The Sixth Circuit Court of Appeals Wednesday upheld a lower court judgment in an FDCPA case against a collection agency over the use of the word “of” rather than “after” in the validation notice in a debt collection letter.

In Wallace v. Diversified Consultants, Inc., Diversified Consultants wrote to Carl Wallace that it would assume the validity of a debt unless he disputed it “within 30 days of receiving this notice.” Seizing on the use of “of” in the letter in contrast to the use of “after” — as outlined in section 1692g(a)(3) of  the Fair Debt Collection Practices Act — Wallace sued Diversified.

Judge Robert H. Cleland, U.S. District Judge in the Eastern District of Michigan, sided with Diversified and granted the company judgment on the pleadings. Wallace appealed to the Sixth Circuit.

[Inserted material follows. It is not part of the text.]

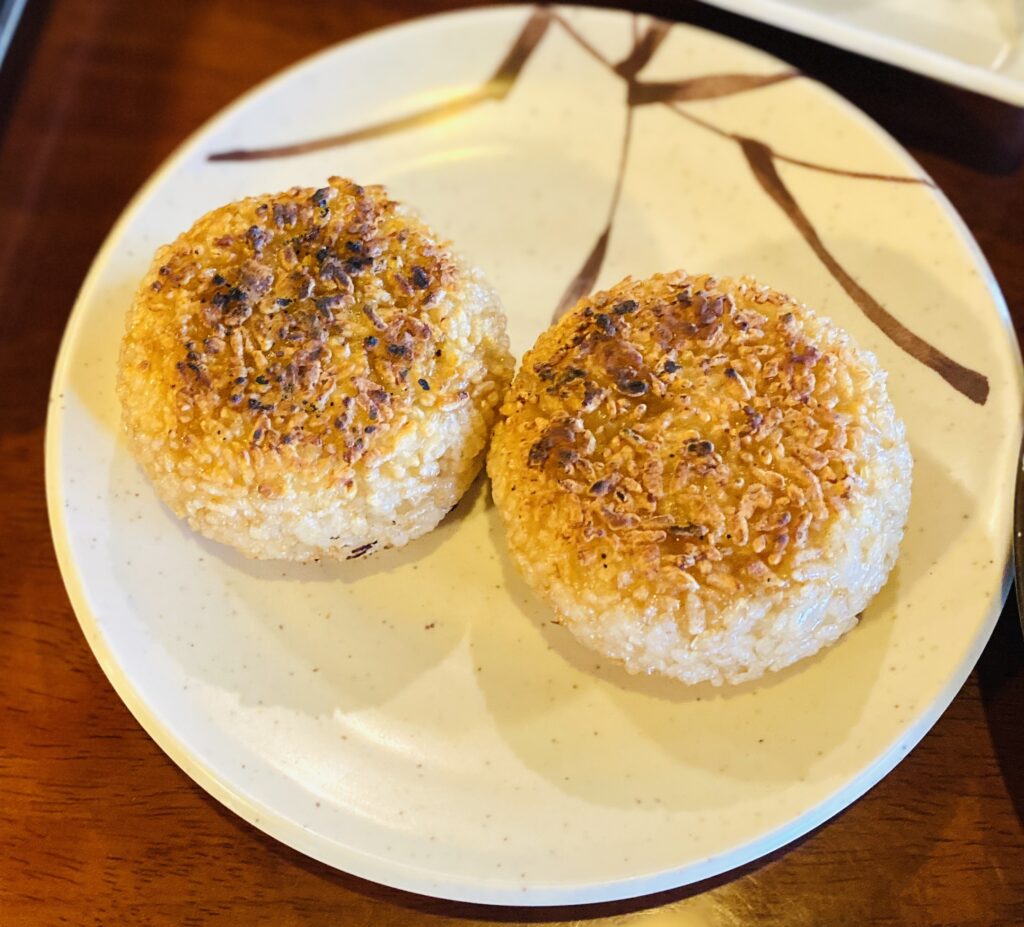 炭火で焼いた焼きおにぎりも外側はサクサクで、炭火特有の風味も香ばしく絶品でした。

In discussing the case in its opinion, the three-judge panel noted that a collector need not parrot the FDCPA to comply with it. “A statement works if it speaks with enough clarity to convey the required information to a reasonable but unsophisticated consumer,” the unanimous panel wrote. “The letter to Wallace did that. It informed him that he had thirty days to dispute the debt, that the clock would start running when he received the letter (rather than, say, when Diversified sent the letter), and that if he did not act the collector would assume the debt’s validity.”

Wallace argued that “of” and “after” are different words, and that they can bear different meanings. The judges agreed, but noted that “this possibility does not make Diversified’s choice of preposition improper. No reasonable consumer, even an unsophisticated one, would read the letter as an instruction to travel back in time (though no more than thirty days back) to dispute the debt.”

The judges also conceded that both “within thirty days of receiving notice” and “within thirty days after receiving notice” are ambiguous about when to start counting. But they said that even if the plaintiff had argued a different point, the result likely would have been the same.

“Does this mean that Wallace would have won had he taken aim, not at the choice of preposition, but at the absence of a clarifying parenthetical—had he argued the letter should have read, ‘within thirty days of receiving this notice (not counting the day of receipt)’? We doubt it. A collector complies with the law so long as it effectively conveys the information specified in the statutory text, and the text says nothing about whether the day of receipt counts.”

The panel affirmed the lower court’s judgment and submitted the opinion for publication.